Janet
- Predecessor: SERCnet
- Formation: 1 April 1984
- Type: National research and education network
- Headquarters: Harwell, Oxfordshire, United Kingdom
- Region served: UK
- Director (Jisc Technologies): Tim Kidd
- Website: www.jisc.ac.uk/janet
- Formerly called: Janet(UK); JANET

= JANET =

Academic computer network in the United Kingdom

Janet is a high-speed network for the UK research and education community provided by Jisc, a not-for-profit company set up to provide computing support for education. It serves 18 million users and is the busiest National Research and Education Network in Europe by volume of data carried. Previously, Janet was a private, UK-government funded organisation, which provided the JANET computer network and related collaborative services to UK research and education.

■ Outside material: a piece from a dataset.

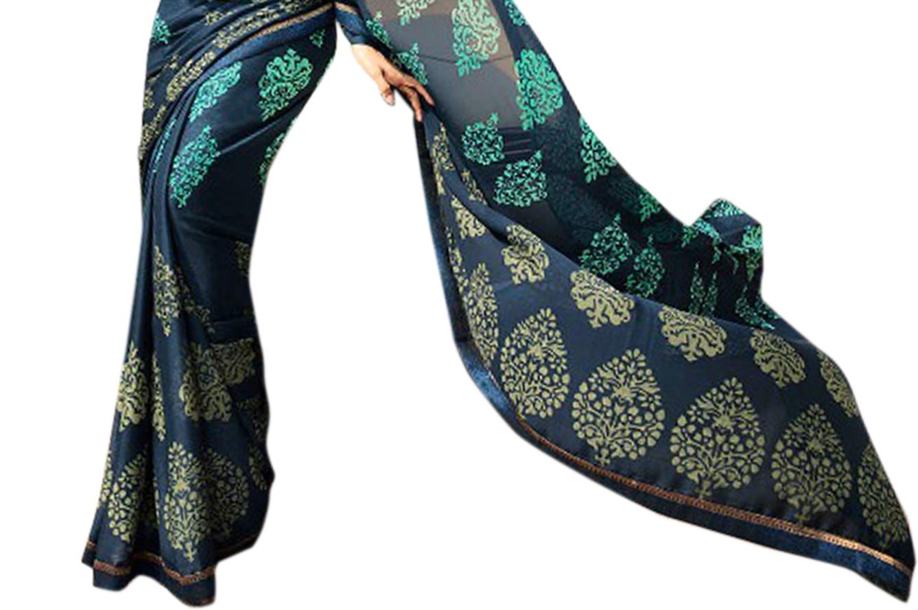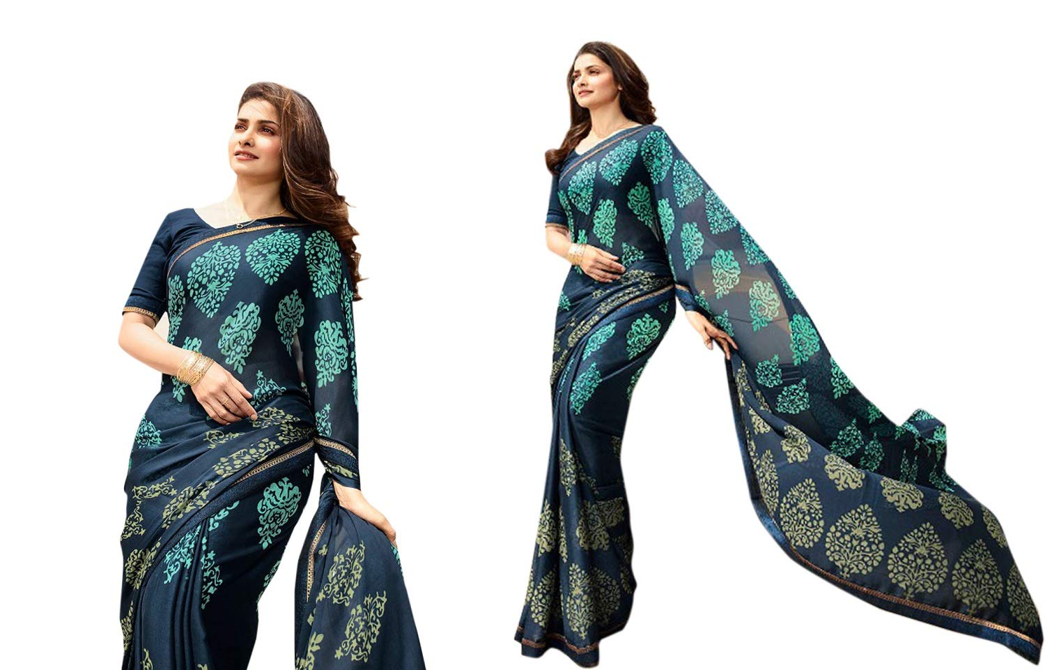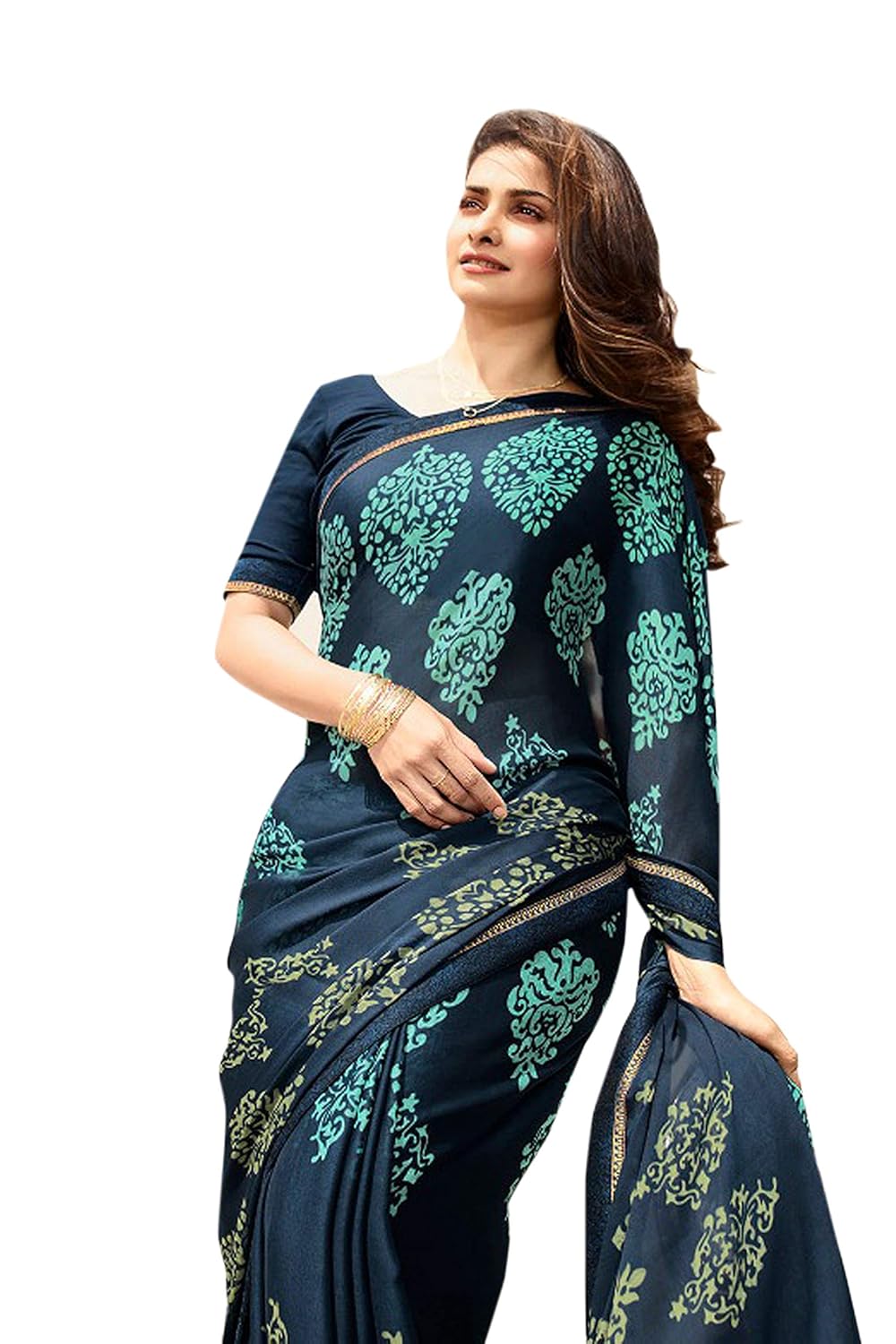 RAJESHWAR FASHION WITH RF Women’s Rangoli Vishitra Silk Printed Saree Printed Lace Border and Piece (A36 BLUE, Multicolour, 6.30 Mtr)

All further- and higher-education organisations in the UK are connected to the Janet network, as are all the Research Councils; the majority of these sites are connected via 20 metropolitan area networks across the UK (though Janet refers to these as regions, emphasising that Janet connections are not just confined to a metropolitan area). The network also carries traffic between schools within the UK, although many of the schools' networks maintain their own general Internet connectivity. The name was originally a contraction of Joint Academic NETwork but it is now known as Janet in its own right.

The network is linked to other European and worldwide NRENs through GÉANT and peers extensively with other ISPs at Internet Exchange Points in the UK. Any other networks are reached via transit services from commercial ISPs using Janet's Peering Policy.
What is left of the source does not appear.